というのは,今日のテレビでの記事で,サマータイムの導入を東京がやろうとしていますが,
これは別に問題ない.
それよりも問題はやる前から,やっても無駄だ感が蔓延していることです.
例えば,「どうせ,サービス残業かあるから無駄でしょう」という
若いOLのコメントが出ていましたが,
この「どうせ」という言葉から,すでに無駄だ感が脳内を支配しています.
なんとも,私は無力です,ということを象徴する言葉ですが,
「絶望」のメタファーに近い.
つまり,「サービス残業」というものに対する批判をしたいのだが,
それはできない,
そして,サービス残業がなくても,同じ効率の仕事も提案できない.
そんな負のスパイラルが蔓延しています.
もはや,仕事が修行になっています.
つまり,仕事=労働でしかないのです.
仕事は労働ではありません.
労働であれば,何もクリエイティブなことが必要ないのです.
是非とも,残業がなくなるように,効率化をブレインストーミングする方に導いてもらいたいと思うのです.

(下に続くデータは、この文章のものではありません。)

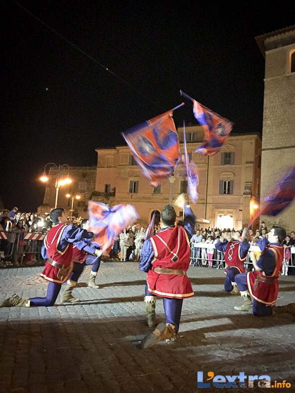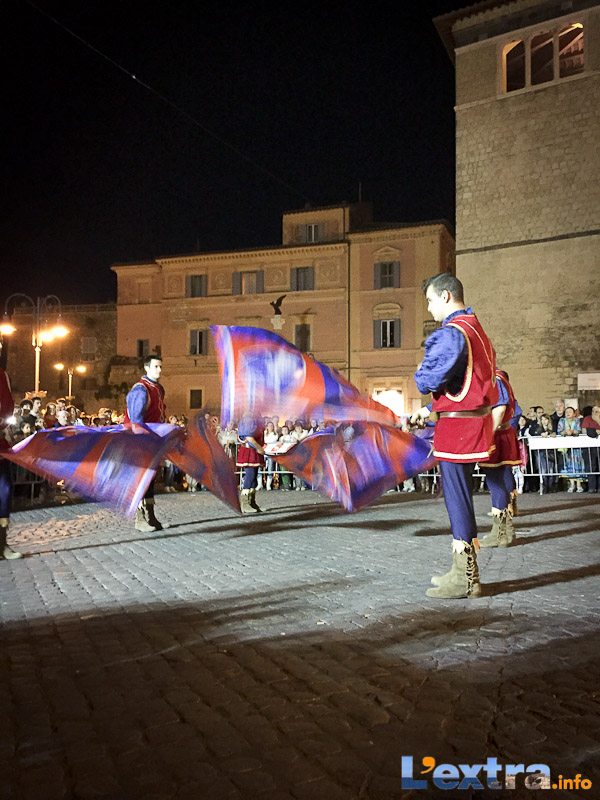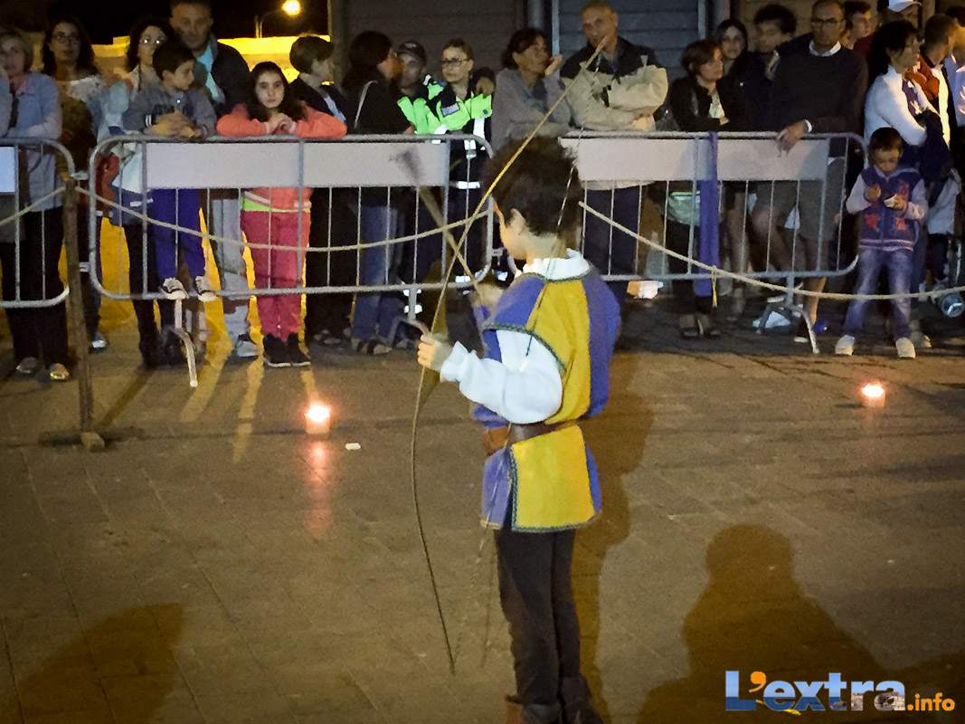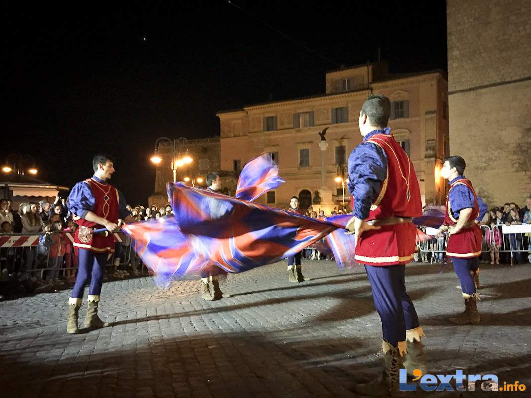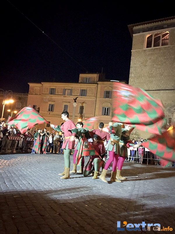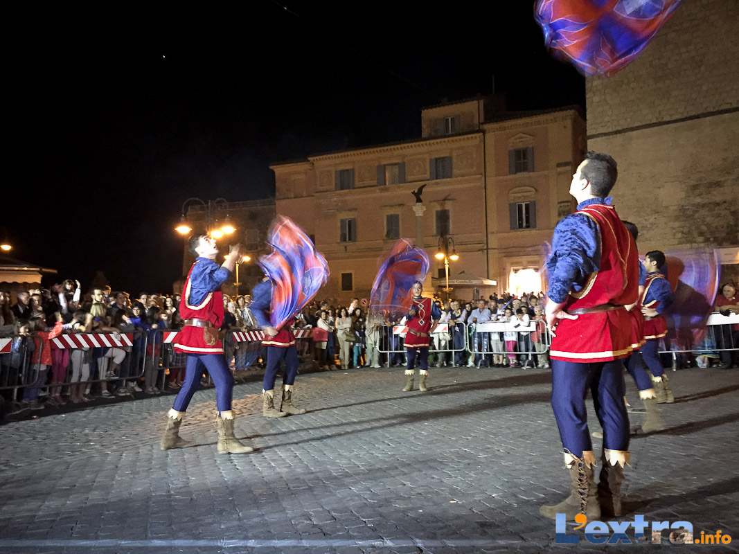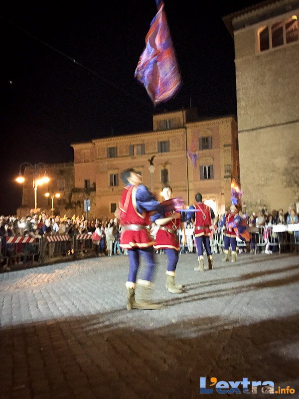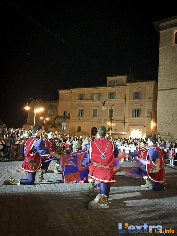 Bello e suggestivo anche il contest degli sbandieratori. Le Contrade del Palio di Allumiere ospiti nella piazza hanno dato spettacolo. Esibizione che ha visto prevalere la contrada della Nona, per insindacabile voto delle dame presenti. Volontà degli organizzatori è infatti quella di collaborare con giostre, palii e manifestazioni che hanno spirito comune. In quest’ottica gradita presenza anche quella del gruppo Arcieri Viterbiensis. Le frecce scoccate da madonne e messeri hanno determinato l’ordine di partenza del palio. Onore del Campo alla contrada di San Franceso, il sodalizio che ritorna in questo 2015.

上司に言っても無駄だ感が付きまとうかもしれませんが,
それが負のスパイラル現象で,
それが将来,後輩たちに脈々と引き継がれていくのです.
負のスパイラルは個人だけの問題だけでなく,社会全体をつつみこんでいくのです.
システムとはそういうものであり,
日本の国力が落ちれば,経済に響き,消費者をも不幸せにしてしまいます.
震災後の対応の国の問題が指摘されていますが,
システムが機能していません.
私が思うに,今もっとも大事なのは未来を読むという力です.
特に政府は.
被災地,原発に関しては,もうこれからは自動化システムの構築ですが,
それよりもこれからの国際的な経済はどのように進んでいくのか,
そして,どのラインで食い止めないといけないのか,
そして,すでに外交をいかして,(裏ルートも含む)10年先,20年先の経済,国際システムを構築するように,対処していかなければならないと思うのです.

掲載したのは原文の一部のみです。